Can you print the data exactly and leave out each image?

### Available data
......
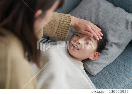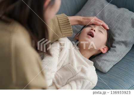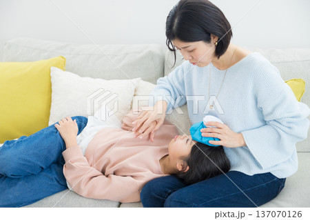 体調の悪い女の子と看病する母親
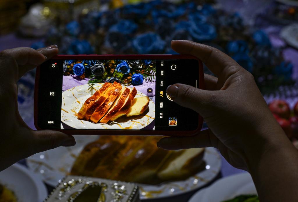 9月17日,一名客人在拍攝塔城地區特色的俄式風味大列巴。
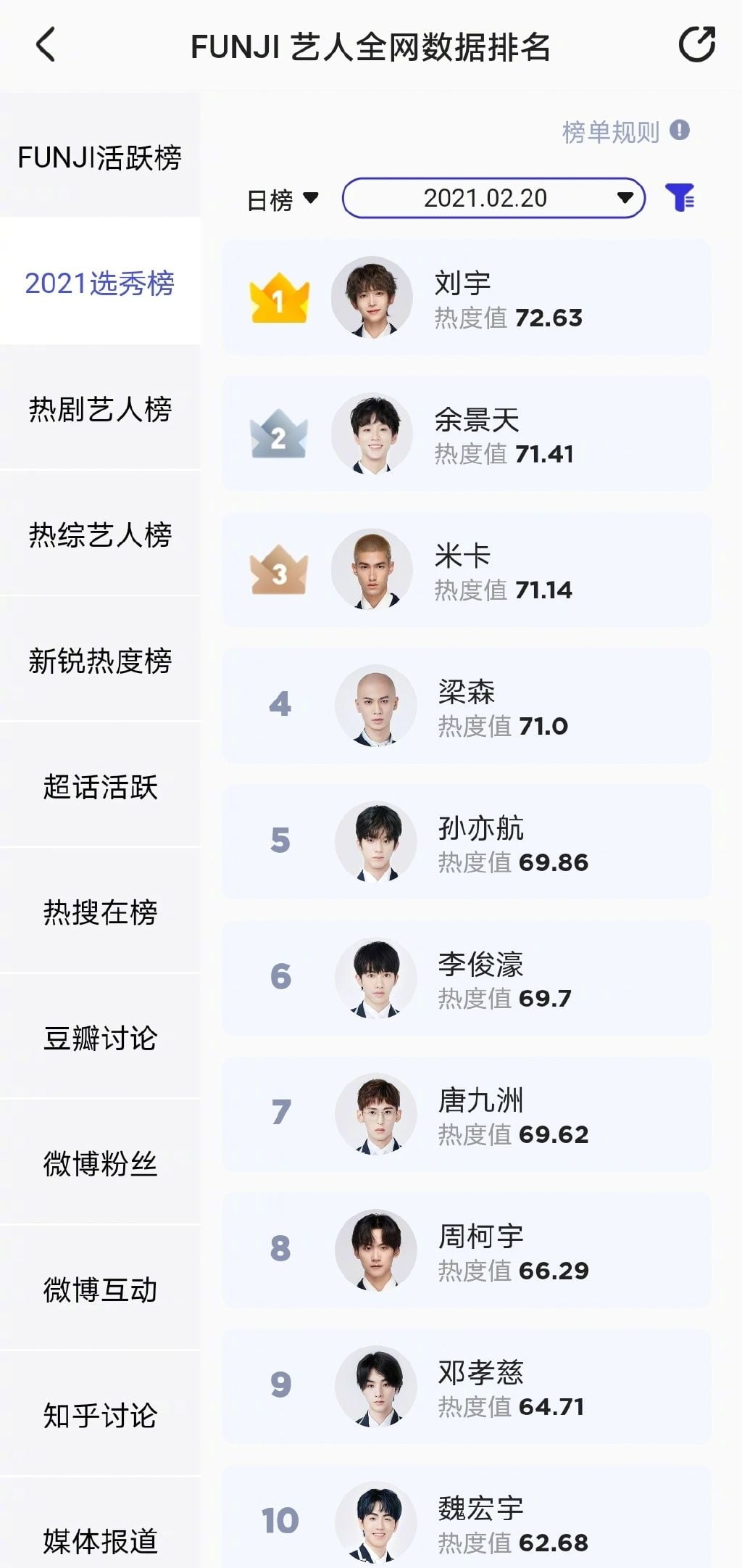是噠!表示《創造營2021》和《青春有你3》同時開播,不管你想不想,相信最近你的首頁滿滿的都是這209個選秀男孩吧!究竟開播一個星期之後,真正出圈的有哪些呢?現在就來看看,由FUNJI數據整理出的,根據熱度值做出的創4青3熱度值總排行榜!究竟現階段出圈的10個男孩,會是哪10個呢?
......
### Written answer
 体調の悪い女の子と看病する母親
 9月17日,一名客人在拍攝塔城地區特色的俄式風味大列巴。
是噠!表示《創造營2021》和《青春有你3》同時開播,不管你想不想,相信最近你的首頁滿滿的都是這209個選秀男孩吧!究竟開播一個星期之後,真正出圈的有哪些呢?現在就來看看,由FUNJI數據整理出的,根據熱度值做出的創4青3熱度值總排行榜!究竟現階段出圈的10個男孩,會是哪10個呢?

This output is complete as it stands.